I need to say this to all of you. Thank you! Thank you for being a wonderful support system. I think I would have many more blue days if I didn’t have this outlet.
I always fear when I need to let out some steam, that you all will go away, or click away with thoughts of, “There she goes again. Can’t she just get over it already?!” I’m always happy to find understanding and comfort in the words you leave me.
And I always hope to share words of hope and normality to fellow cancer victims. Baby steps, it’s much like AA, One day at a time. Through cancer I really learned how to enjoy the now, not looking forward or backward but loving the moment. I don’t much love the moments of laundry and such (that’s probably why I’m still trying to get caught up afte vacation), sometimes those things seem beneath me. Like why, should I be wasting the precious moments I have doing chores? But they are part of life and when I wake up still kicking the next day I decide they won’t do themselves and accomplish them. Uh, sometimes, but sometimes I have a wonderfully understanding husband wake up before me and do them first.
So really, I just wanted to let you know, that I appreciate you. I need you and I love having you in my life.
Maybe this is a good time to tell you that there’s something in the works here. You’ll be seeing some changes, although slow, it may be a month or so before everything’s done, but if you like, you are welcome to start reading and commenting over here. Right now the surroundings are just blah, basic, no-frills, but all the posts are the same, same content there and here until the change is complete. I am hoping the change makes it easier for you guys to comment. You’re the reason for the change, so I hope it will be worth it. I know many of you have had difficulty commenting on blog-city and although I’ve sought support several times nothing has changed so I guess I have to change hosts. So for now, feel free to read me here or here and I’ll let you know when the full change has been made.
I have been catching up with your posts and have just read the "the down
side" post. I wish you the best with the new doctors. Although my physical
health has always been good, I know a little of the anguish of depression.
I am thinking good thoughts for you. Take care dear friend.

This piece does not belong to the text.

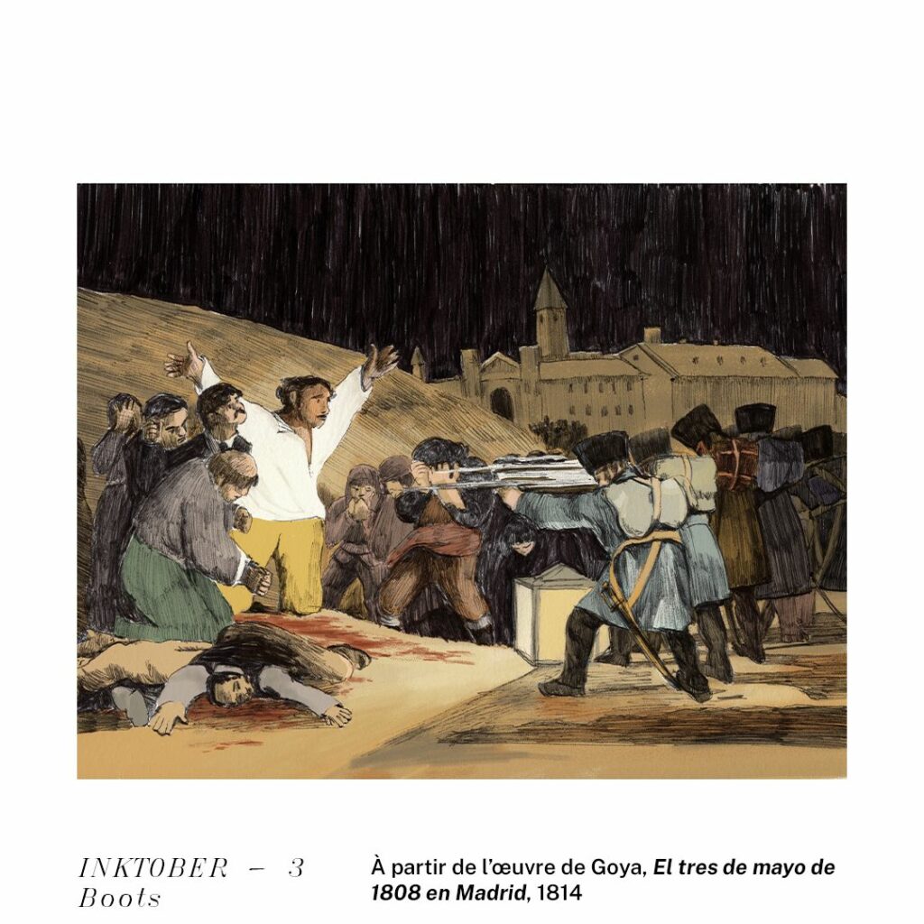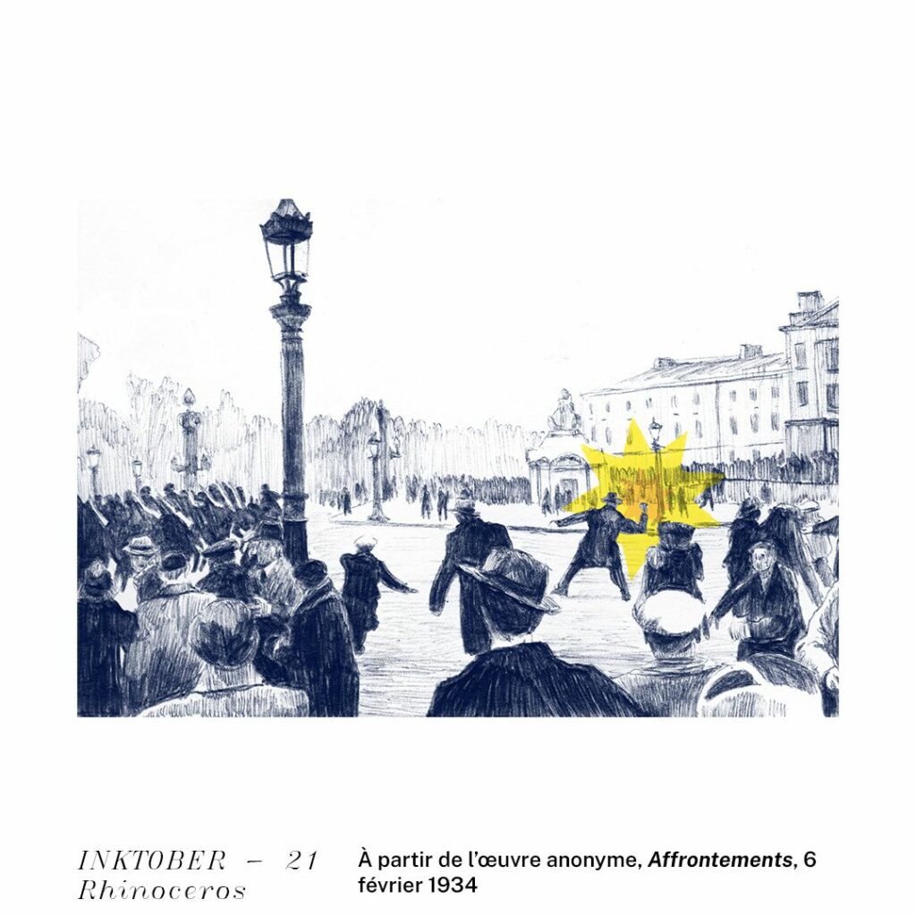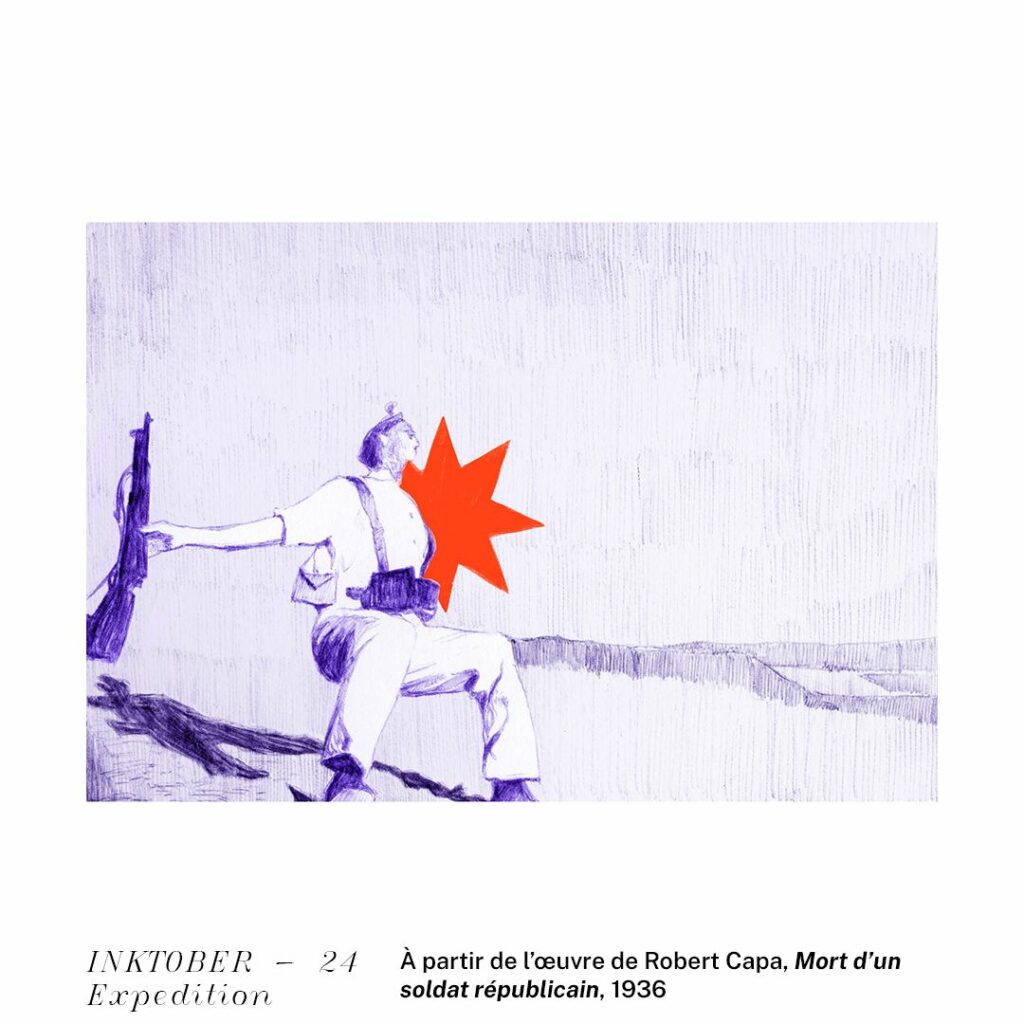 Le défi Inktober proposer aux artistes de réaliser un dessin par jour lié à un thème durant le mois d’octobre, initialement à l’encre noire. Pour Inktober 2022 j’avais choisi de réaliser un hommage à Jacques Tardi et pour Inktober 2023 j’avais décidé de détourner la proposition en utilisant comme outil artistique le stylo BIC noir sur un format très petit (environ 4×4 cm).

Thank YOU for even having this blog! :) I thoroughly enjoy my visits. You
are such a talented photographer and though we've never met in person, you
seem like an amazing person.
It's easy to be supportive to someone so kind as you. :) I went over to
the new site and commented on your latest post there.
I've never had trouble leaving you a comment?
I will follow you were ever ya go! Just keep me posted!
I've survived cancer 2 times; it's not a fun think to deal with. My mom
just got the 'all clear', unfortunately, my daughter (Lisa Marie) and her
mother-in-law did not; her mom-in-law was buried on June 13, 2008.